The name of the game when selecting a credit card for medical expenses is low annual percentages. In general, medical bills are much higher than, say, your electric bill. So, you don’t want that already-high number to increase as you’re paying off the bill. Twelve percent of a $200 bill is one thing. Twelve percent of a $1,000 medical bill is a different matter. The key is to find a way to pay off the bill in increments without increasing the bill as a whole. For medical expenses, NerdWallet recommends the following cards: The Capital One Quicksilver credit card charges 0% APR for the first fifteen months. The HSBC Goldmaster Credit Card does the same for 18 months. Similarly, Chase Freedom charges 0% APR for 15 months.
How can I get a medical credit card?
You can apply for almost all medical credit cards through your provider. Many doctor’s offices carry information on these cards at the front desk, applications included. Bear in mind that both Wells Fargo and CareCredit will investigate your credit score, which means you will have to be “approved” for the card.

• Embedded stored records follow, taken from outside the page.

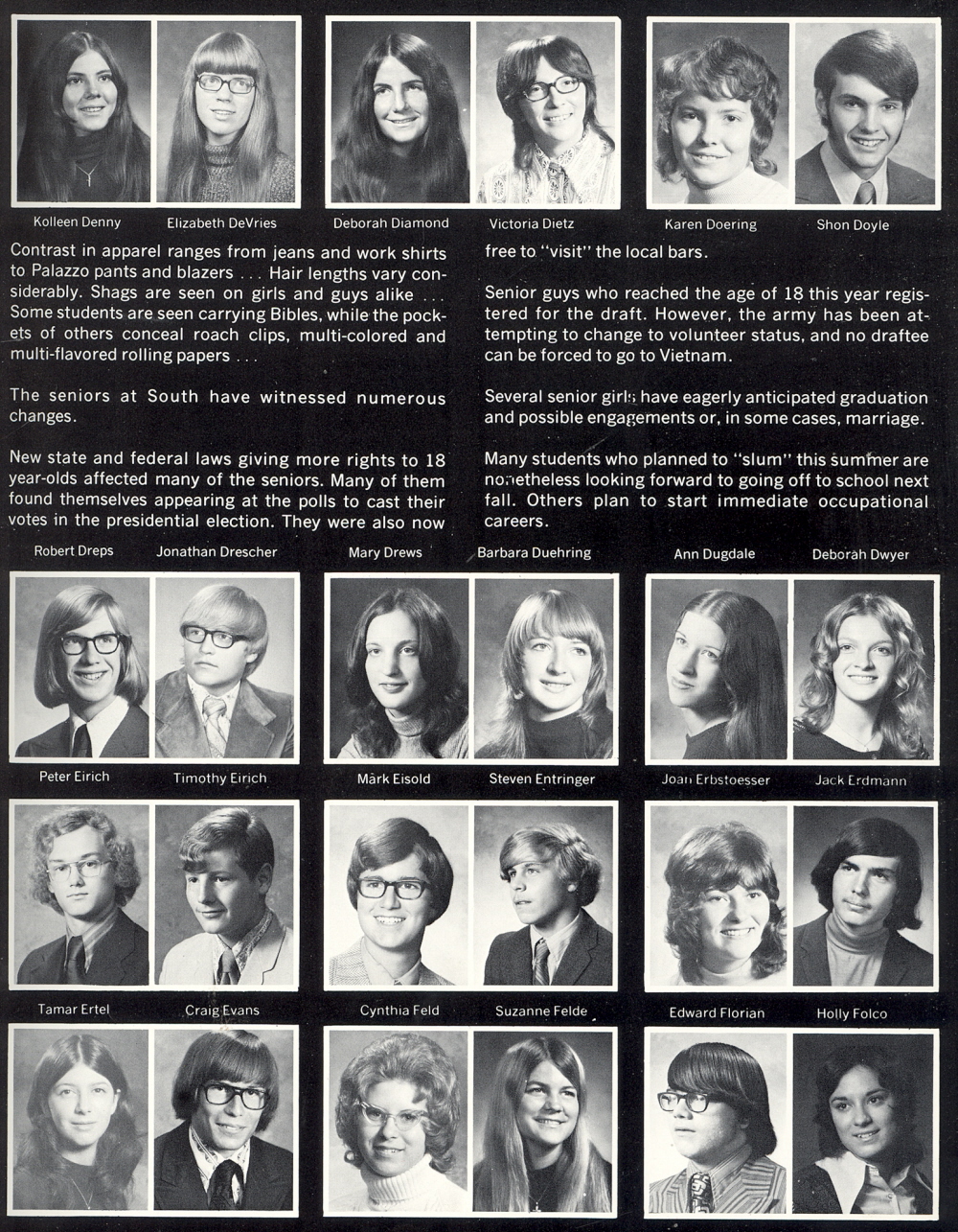 High School, Page 37: Kolleen Denny, Elizabeth DeVries, Deborah Diamond, Victoria Dietz, Karen Doering, Shon Doyle, Robert Dreps, Jonathan Drescher, Mary Drews, Barbara Duehring, Ann Dugdale, Deborah Dwyer, Peter Eirich, Timothy Eirich, Mark Eisold, Steven Entringer, Joan Erbstoesser, Jack Erdmann, Tamar Ertel, Craig Evans, Cynthia Feld, Suzanne Felde, Edward Florian, Holly Folco.
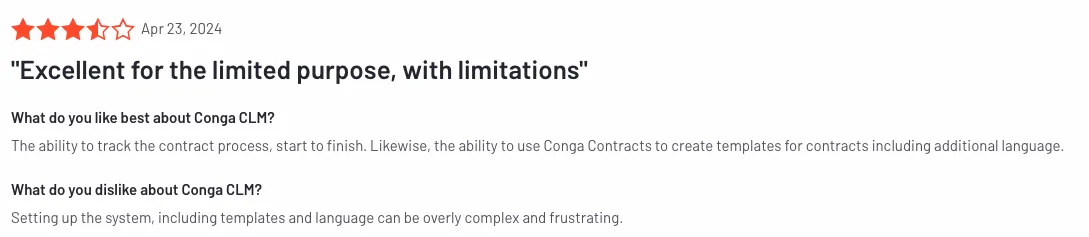 Conga is an end-to-end CLM software that significantly shortens contract cycle times from days to minutes. Also with Conga’s integration with Salesforce, users can harness powerful features directly within the Salesforce interface.
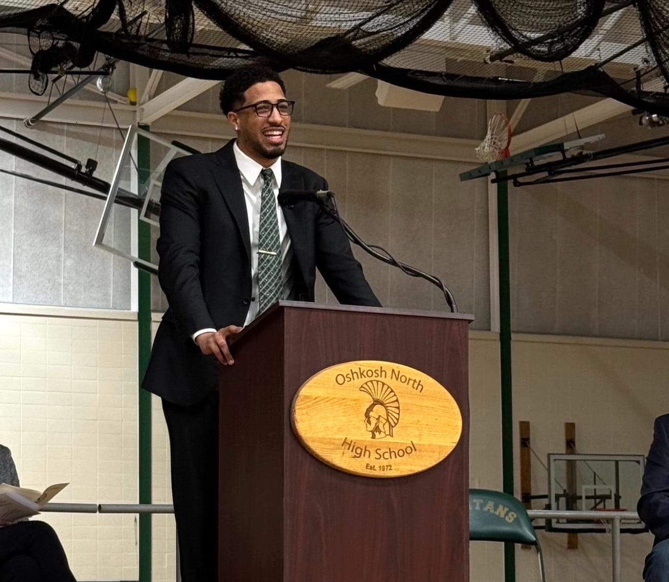 Oshkosh Mayor Matt Mugerauer declared today — Feb. 5, 2026 — “Tyrese Haliburton Day” as the 2018 graduate was celebrated by those from his past and inducted into the Oshkosh North Hall of Fame.

Do medical credit cards damage your credit?
Medical credit cards can negatively affect your credit score, although not if you are using AccessOne, which is not technically a credit card. (As stated above, AccessOne approves all applicants regardless of credit and does not report debt to the credit bureau.) Also: Large medical bills which arrive in the mail by surprise will not affect your credit score for six months. It is only after six months that an unpaid bill at your local hospital will start dragging down your credit reputation.
So, I didn’t get a medical credit card. What’s next?
Much like college or a house, you can take out a loan to pay for large medical expenditures. This would be a personal, unsecured loan that you could use for medical bills -- there is no such thing as a “medical loan.” The annual percentage rates for loans are generally higher than credit card interest payments and, in the long run, a loan will cost you much more than paying the bill in increments via your provider or, if you’re careful, through CareCredit. If you are in need of a medical loan, look for a lender who does not charge exorbitant APRs.
Health Savings Account (HSA)
The better option might be a Health Savings Account (HSA), a tax-free savings account to be used for health expenses. HSA accounts are available to those with high-deductible health plans (HDHP), a standard set forth by the IRS. As of 2020, an HDHP must have a deductible of at least $1,400 for a single person or $2,800 for a family. An HSA can be formed with whichever bank you choose, and your employer may contribute to it, much like they do a 401k.
Don’t forget to negotiate!
Before you launch into a credit card or a loan, try your hand at negotiating your medical bills. It may not be easy, but it will be worth it.